[Question] questions on detailed about dataset #2

Kin-Zhang · 2022-03-23T06:20:25Z

Thanks for providing the codes, it's amazing work. 🤩

Here are some questions after I read the paper and code readme:

Is the dataset provided in the repo the whole dataset as in the paper Table 7 which has 399776 frames?
Is the expert agent from lbc repo as the link is shown here? or as the paper said the CARLA behavior agent as link shown here? Since I didn't see the code for collecting the dataset.
As the dataset said in the paper is collected in all towns, as I knew leaderboard official public routes just have Town01-06 routes file? and I didn't find any additional routes files in this repo? would you mind to release that the route file you collected for data? since if we want to compare with the method it should have the same training routes for fair. If not, the all towns in the paper said, is that includes other towns like Town07 and Town10HD as said in paper table 7? or you also build another map for training?
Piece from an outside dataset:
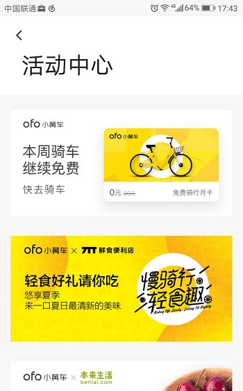 ofo共享单车想免费骑行,其中一共有两种方法,下面我们就来看看详细的教程。
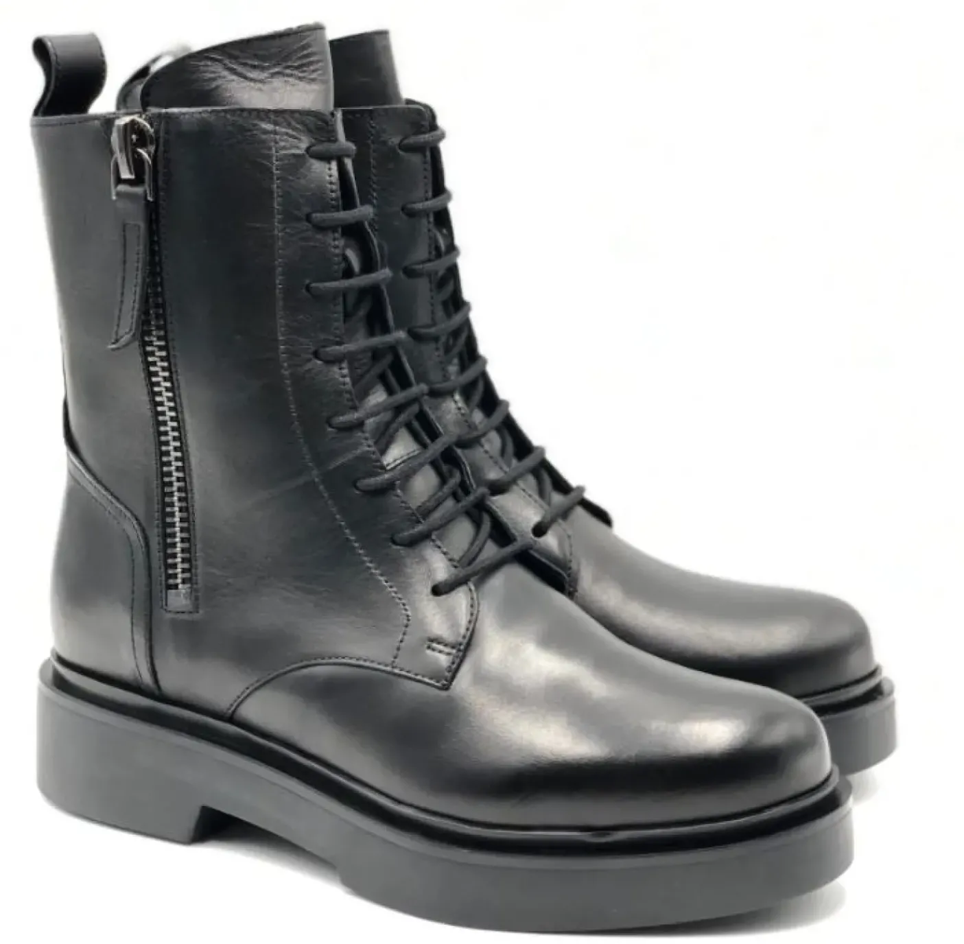 Anfibi in pelle, rivestito internamente in pelle. Chiusura con lacci e zip laterale. Dettagli zip decorativa. Fondo gomma 4cm

Looking forward to your reply, and thanks again for this paper and codes.

dotchen · 2022-03-23T15:11:52Z

Thank you for your interest in our project.

Yes
It is a slightly modified version of the behavior agent.
All towns include Town07 and Town10HD. You may follow these instructions to install them in CARLA.

Kin-Zhang · 2022-03-23T15:15:15Z

Thank you for your interest in our project.

Yes

It is a slightly modified version of the behavior agent.

All towns include Town07 and Town10HD. You may follow these instructions to install them in CARLA.

Thanks for replying, and question 3 is about the route file, I knew there are additional maps but the CARLA leaderboard public routes didn't provide the route files about these two. That's why I am curious about it.

Thanks again.

dotchen · 2022-03-23T15:16:37Z

We use randomized routes the collect our dataset. This is similar to our previous project World on Rails.

Kin-Zhang · 2022-03-23T15:17:40Z

We use randomized routes the collect our dataset. This is similar to our previous project World on Rails.

Oh, I see. I will try to check again. Thanks for answering. Really appreciate.

Related to: issue comment

Kin-Zhang · 2022-03-23T16:19:56Z

Sorry to bother you, is there any method that I can download the dataset through python script without box account ( I searched for a while which need box SDK and login as subscribed account)
Since when I click the page download... It cannot download at once.

dotchen · 2022-03-23T16:30:50Z

Yes, I also just realized this issue and I am currently compressing the trajectories into .gz files. I will upload them in a few hours.

Kin-Zhang · 2022-03-23T16:39:00Z

ha! thanks for replying so quickly.

btw, I notice even for the business box it still have the maximum upload size which is 150G here

dotchen · 2022-03-23T18:21:35Z

I will split the gz file so each file is around 8G

Kin-Zhang · 2022-03-23T18:36:58Z

I will split the gz file so each file is around 8G

Thanks! and is that possible for once download button to download all? will appear the error as shown above the selected items exceed the download size limit?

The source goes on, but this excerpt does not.